Douglas AG on Thursday revised down its sales and profitability outlook for fiscal 2025/26, citing subdued customer spending and evolving purchase patterns across channels. The German beauty retailer said it now anticipates net sales growth of 0% to 1% for the year, implying revenues of between C4.58 billion and C4.63 billion.
That guidance replaces the prior sales range, which had pointed to revenues at the lower end of C4.65 billion to C4.80 billion. Alongside the sales revision, Douglas trimmed its adjusted EBITDA margin target to around 15.0% from the previously stated 16.0%.
The company also updated its leverage outlook. Douglas now expects net leverage to be in the range of 3.0x to 3.5x by September 30, 2026, an increase from its earlier target that capped the ratio at the upper end of 2.5x to 3.0x.
Quarter performance and market context
Douglas said third-quarter results have come in below internal expectations. Management attributed the shortfall to ongoing macroeconomic uncertainty and pronounced price sensitivity among customers, which has weakened willingness to make discretionary purchases. The company noted that many shoppers are postponing buys in the hope of future promotions.

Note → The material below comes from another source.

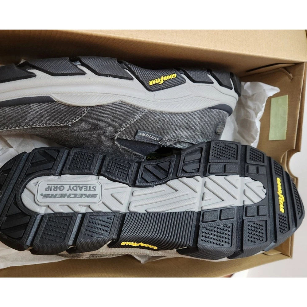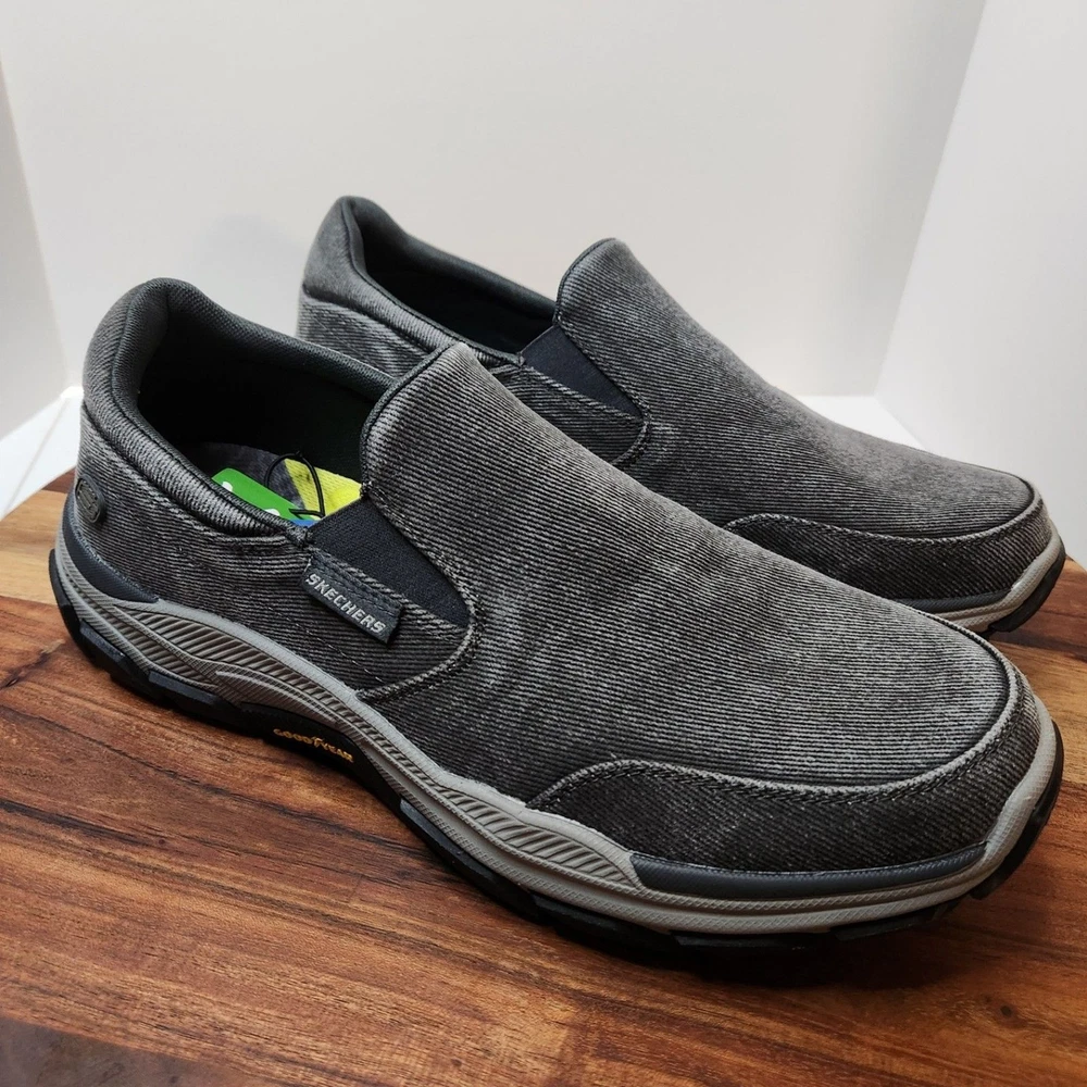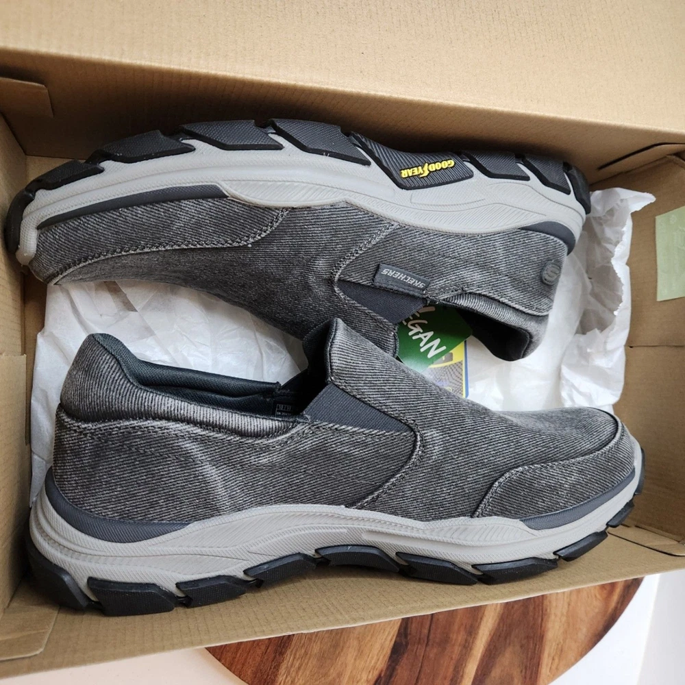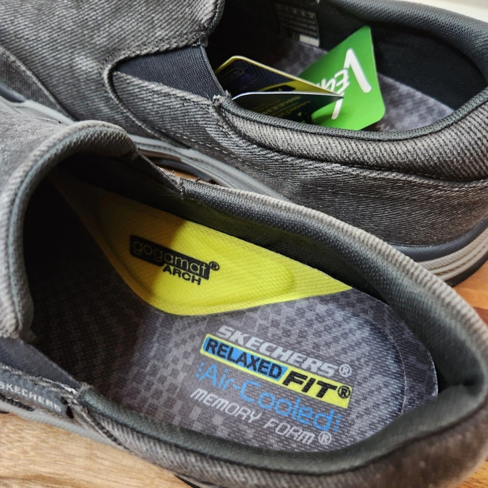 men's US size 12 Euro 46 Skechers relaxed fit Respected Fallston memory foam clean soles, with box please go by my typed description and photos - not auto fill for the most accurate descriptions - message me with any questions

Within the European premium beauty segment, Douglas described a continued structural shift toward online channels. The company reported that online sales are growing faster than in-store sales, while physical locations are recording negative like-for-like sales. Cross-channel offerings such as Click-and-Collect were highlighted as performing strongly.
Strategic response
In response to the trading backdrop, Douglas said it will reallocate investment away from stores and toward its online business, invest in more competitive pricing, further strengthen differentiation and exclusivity, and accelerate digitalisation efforts. The company said it will provide more detail on these strategic measures when it reports quarterly results on August 12, 2026.
"Consumer behavior and market dynamics have changed significantly. In this challenging environment, we fully focus on our strategic priorities: we shift investments from our store to our online business; we are investing in competitive pricing, while further strengthening our differentiation and exclusivity; and we are continuing to drive digitalization forward," said Sander van der Laan, CEO of the Douglas Group.
Following the guidance cuts and the updated leverage outlook, Douglas shares fell more than 6.1% in after-hours trading.
Key summary
- Douglas lowered its full-year sales outlook to C4.58 billion- C4.63 billion and cut its adjusted EBITDA margin target to ~15.0%.
- Net leverage is now expected at 3.0x-3.5x by September 30, 2026, up from prior targets.
- The company plans to shift spending from stores to online, adjust pricing, enhance exclusivity, and speed up digital initiatives, with more detail due on August 12, 2026.
Impacted sectors
- Retail - premium beauty segment and brick-and-mortar operations.
- Consumer discretionary - spending patterns and promotional sensitivity.
- E-commerce - online channel growth and cross-channel services.